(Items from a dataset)
↓
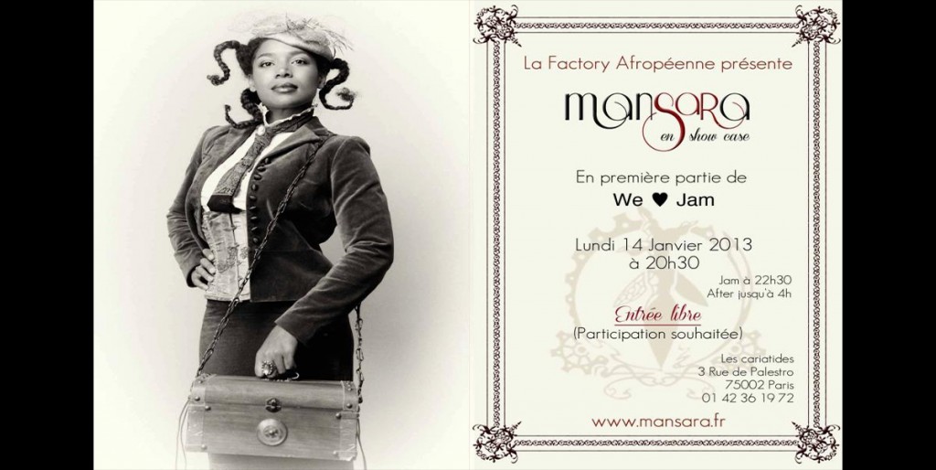 La factory afropéenne invite Mansara en show case à We ♥ Jam, le lundi 14 janvier aux Cariatides à 20h30, 3 Rue de Palestro 75002 Paris.M°Chatelet/Les Halles ou Etienne Marcel
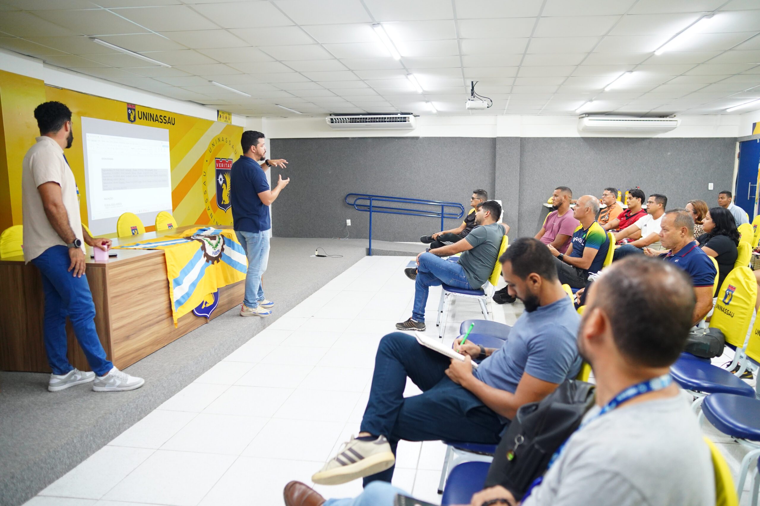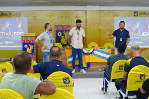 Professores de Educação Física das redes municipal e estadual participaram, nesta quarta-feira (11), de uma reunião de alinhamento para a realização da seletiva municipal dos Jogos Escolares de Pernambuco (JEPs) em Paulista. O encontro ocorreu no auditório do Centro Universitário UNINASSAU, localizado no centro da cidade, e reuniu representantes das escolas que participarão da competição.
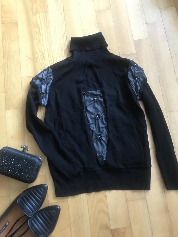 Очень необычный нарядный гольф, декорированный контрастными вставками, с вырезом на груди. В составе 20% шерсти, очень приятный к телу. Размер XS/S Рукав 50см ПОГ 40см Длинна по спинке 52
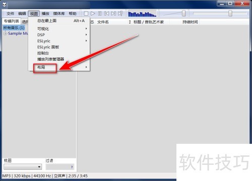 1、 第一步:在foobar2000播放器中,点击菜单中的“视图”。
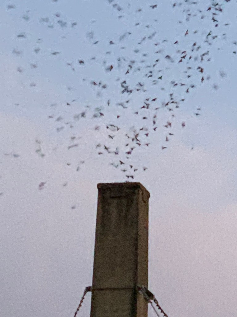 À propos to disappearing birds: recently, I went to see the semiannual Vaux Swift migration. This is my fourth year and wish I had started sooner. For several evenings, across the street from Hayward Field, home of Track and Field championships, Agate Hall, an old building with a defunct chimney, is a migratory stop for swifts. Twice a year, fall and spring, people gather for a chimney vigil. There was no guarantee anything would happen, in which case it still would have been a pleasant evening with a crescent Moon very low in the sky, as autumn evening crescents are. But this night the birds came, swirled and called out for 15-30 minutes in a huge circle high in the sky. Then, like the bottom of a celestial funnel, entered the chimney, black drops rapidly flowing into a container. Some birds didn’t get it right or for some reason only a swift knows, and did a go around. Within several minutes, nearly all the swifts were in the chimney. Their disappearing into a true Airdnb (dinner and bed) was the why we were all there. There were probably one to two thousand, but I’ve been there when nearly nine thousand entered. The migration is easy to see, fascinating, and describes exactly what writer Sam Cook said: “You don’t go out looking for cool things to happen, but you go out knowing cool things could happen any time. You have to be there.”
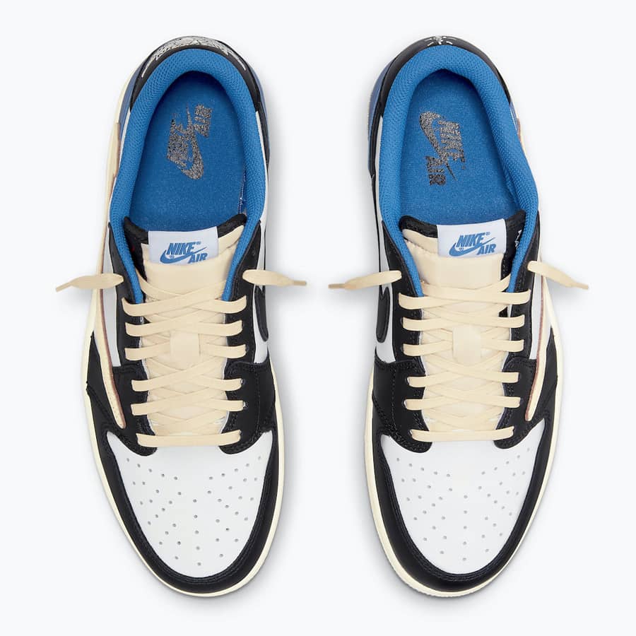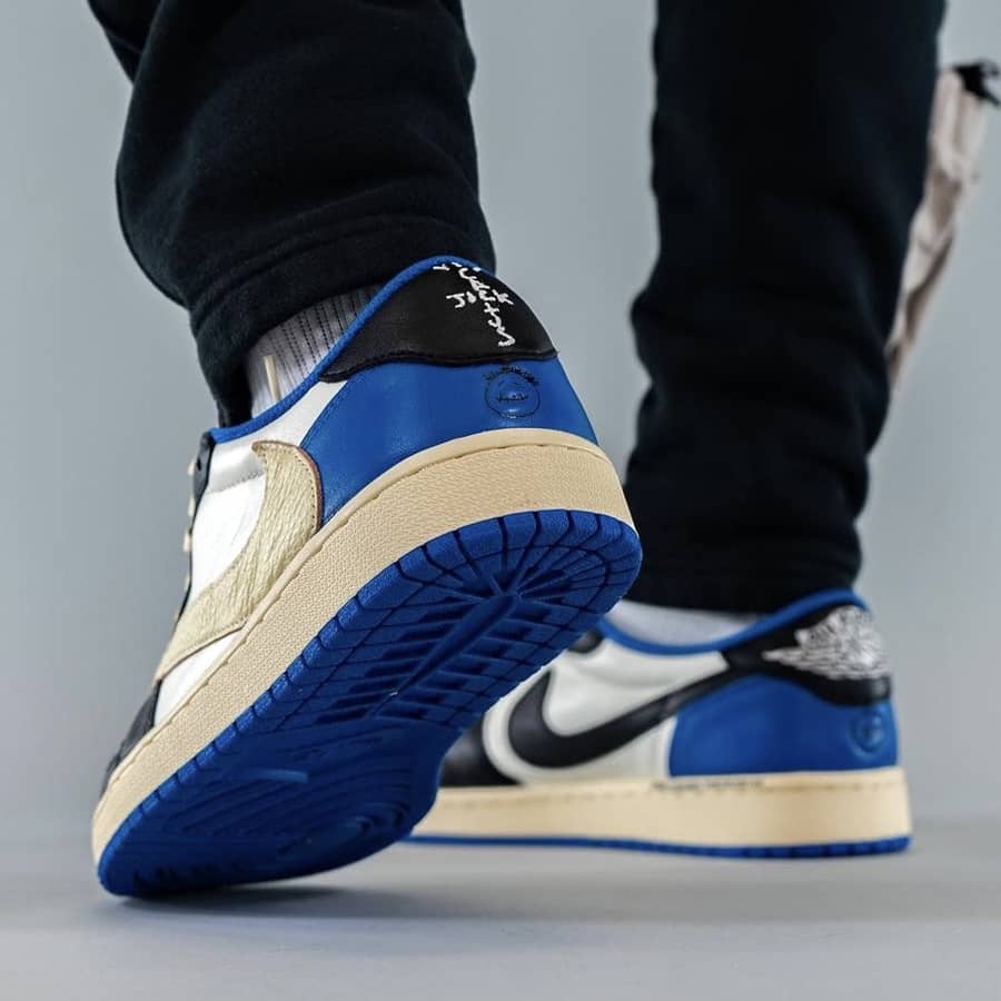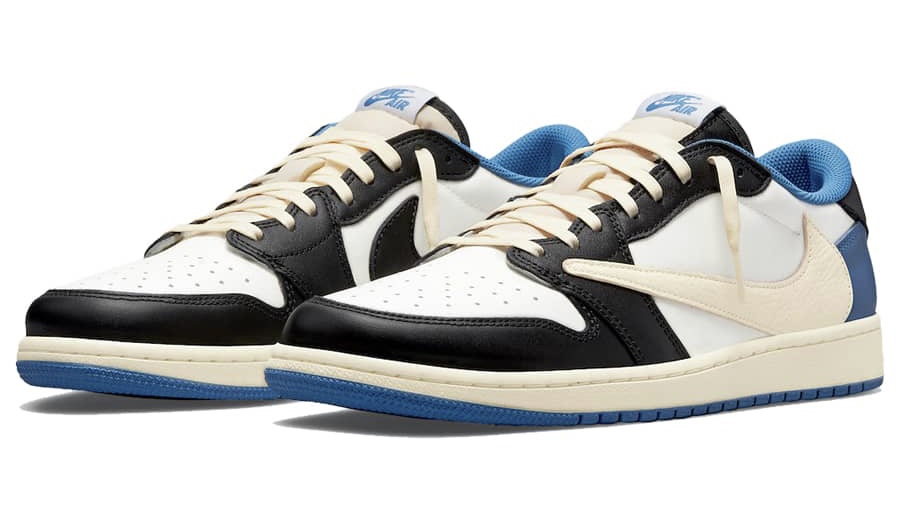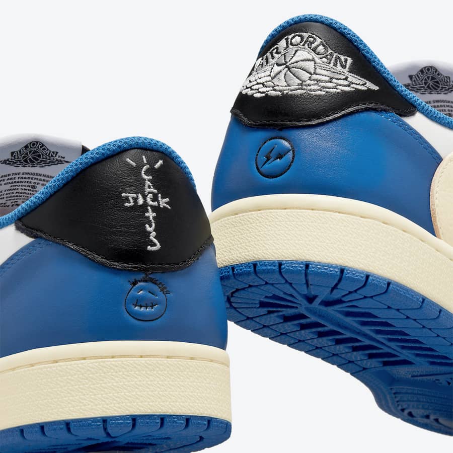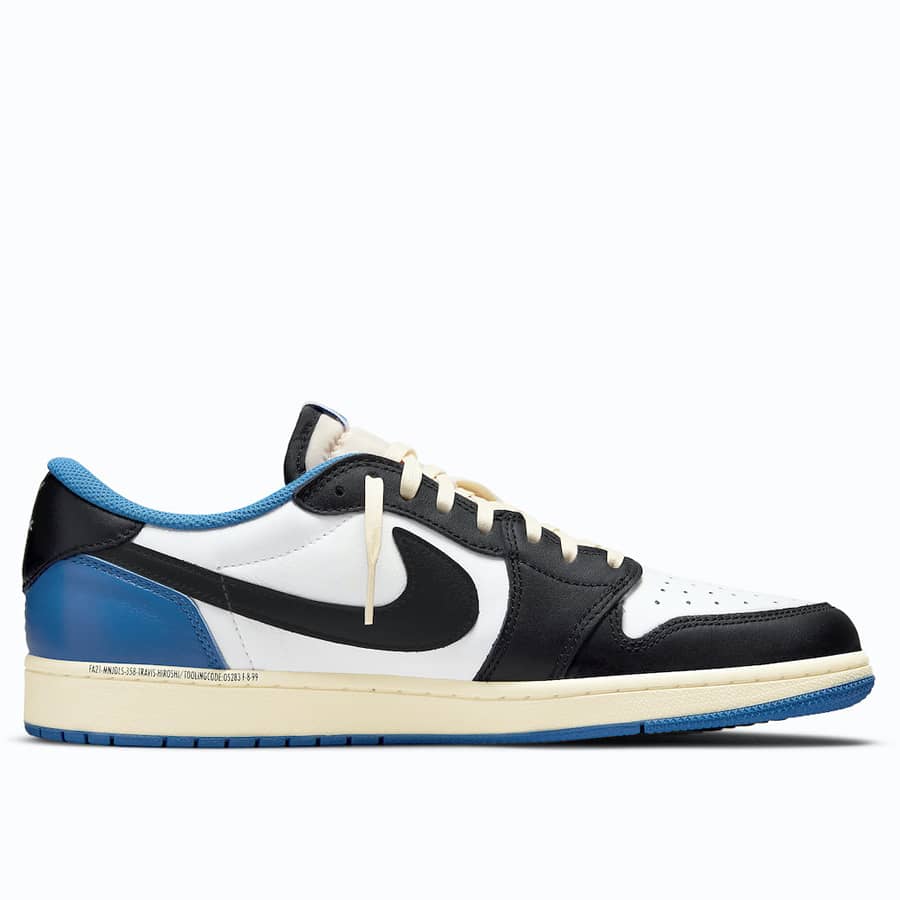 Travis Scott x Fragment x Air Jordan 1 Low OG — это трехстороннее сотрудничество между звездой хип-хопа, японским брендом уличной одежды и Джорданом в итерации первой фирменной обуви Майкла Джордана с низким верхом. В дополнение к Air Jordan 1 High OG, кроссовки Jordan 1 Low OG, разработанные Трэвисом Скоттом и Хироши Фудзивара, сочетают в себе исключительную эстетику рэпера и модельера с прогрессивным дизайном баскетбольных кроссовок в стиле ретро. Кожа паруса появляется на перфорированном мыске и средней панели. Контрастная черная мятая кожа украшает носок, переднюю часть стопы и люверсы. Двухцветный бело-черный цветовой блок имитирует цветовую гамму оригинальной расцветки Air Jordan 1 «Black Toe». Большой кремовый кожаный логотип Swoosh — дань стилю первой коллаборации Скотта с Air Jordan 1 2019 года. Двойная вышивка «Кактус Джек» и «Крылья» появляются на пятке левой и правой обуви соответственно. Кроме того, мотив «лица» Скотта и изображение «молнии» Фрагмента также выбиты на левом и правом ботинке соответственно. Классический логотип Nike Air напечатан синим цветом на белой нейлоновой язычковой бирке. Travis Scott x Fragment x Air Jordan 1 High OG «Military Blue» — один из самых желанных кроссовок этого года.
↑
**WHAT YOU NEED TO DO**:
Please repeat the records above exactly, leaving every picture out.

**RESULT BELOW**:
 La factory afropéenne invite Mansara en show case à We ♥ Jam, le lundi 14 janvier aux Cariatides à 20h30, 3 Rue de Palestro 75002 Paris.M°Chatelet/Les Halles ou Etienne Marcel
 Professores de Educação Física das redes municipal e estadual participaram, nesta quarta-feira (11), de uma reunião de alinhamento para a realização da seletiva municipal dos Jogos Escolares de Pernambuco (JEPs) em Paulista. O encontro ocorreu no auditório do Centro Universitário UNINASSAU, localizado no centro da cidade, e reuniu representantes das escolas que participarão da competição.
 Очень необычный нарядный гольф, декорированный контрастными вставками, с вырезом на груди. В составе 20% шерсти, очень приятный к телу. Размер XS/S Рукав 50см ПОГ 40см Длинна по спинке 52
 1、 第一步:在foobar2000播放器中,点击菜单中的“视图”。
 À propos to disappearing birds: recently, I went to see the semiannual Vaux Swift migration. This is my fourth year and wish I had started sooner. For several evenings, across the street from Hayward Field, home of Track and Field championships, Agate Hall, an old building with a defunct chimney, is a migratory stop for swifts. Twice a year, fall and spring, people gather for a chimney vigil. There was no guarantee anything would happen, in which case it still would have been a pleasant evening with a crescent Moon very low in the sky, as autumn evening crescents are. But this night the birds came, swirled and called out for 15-30 minutes in a huge circle high in the sky. Then, like the bottom of a celestial funnel, entered the chimney, black drops rapidly flowing into a container. Some birds didn’t get it right or for some reason only a swift knows, and did a go around. Within several minutes, nearly all the swifts were in the chimney. Their disappearing into a true Airdnb (dinner and bed) was the why we were all there. There were probably one to two thousand, but I’ve been there when nearly nine thousand entered. The migration is easy to see, fascinating, and describes exactly what writer Sam Cook said: “You don’t go out looking for cool things to happen, but you go out knowing cool things could happen any time. You have to be there.”
 Travis Scott x Fragment x Air Jordan 1 Low OG — это трехстороннее сотрудничество между звездой хип-хопа, японским брендом уличной одежды и Джорданом в итерации первой фирменной обуви Майкла Джордана с низким верхом. В дополнение к Air Jordan 1 High OG, кроссовки Jordan 1 Low OG, разработанные Трэвисом Скоттом и Хироши Фудзивара, сочетают в себе исключительную эстетику рэпера и модельера с прогрессивным дизайном баскетбольных кроссовок в стиле ретро. Кожа паруса появляется на перфорированном мыске и средней панели. Контрастная черная мятая кожа украшает носок, переднюю часть стопы и люверсы. Двухцветный бело-черный цветовой блок имитирует цветовую гамму оригинальной расцветки Air Jordan 1 «Black Toe». Большой кремовый кожаный логотип Swoosh — дань стилю первой коллаборации Скотта с Air Jordan 1 2019 года. Двойная вышивка «Кактус Джек» и «Крылья» появляются на пятке левой и правой обуви соответственно. Кроме того, мотив «лица» Скотта и изображение «молнии» Фрагмента также выбиты на левом и правом ботинке соответственно. Классический логотип Nike Air напечатан синим цветом на белой нейлоновой язычковой бирке. Travis Scott x Fragment x Air Jordan 1 High OG «Military Blue» — один из самых желанных кроссовок этого года.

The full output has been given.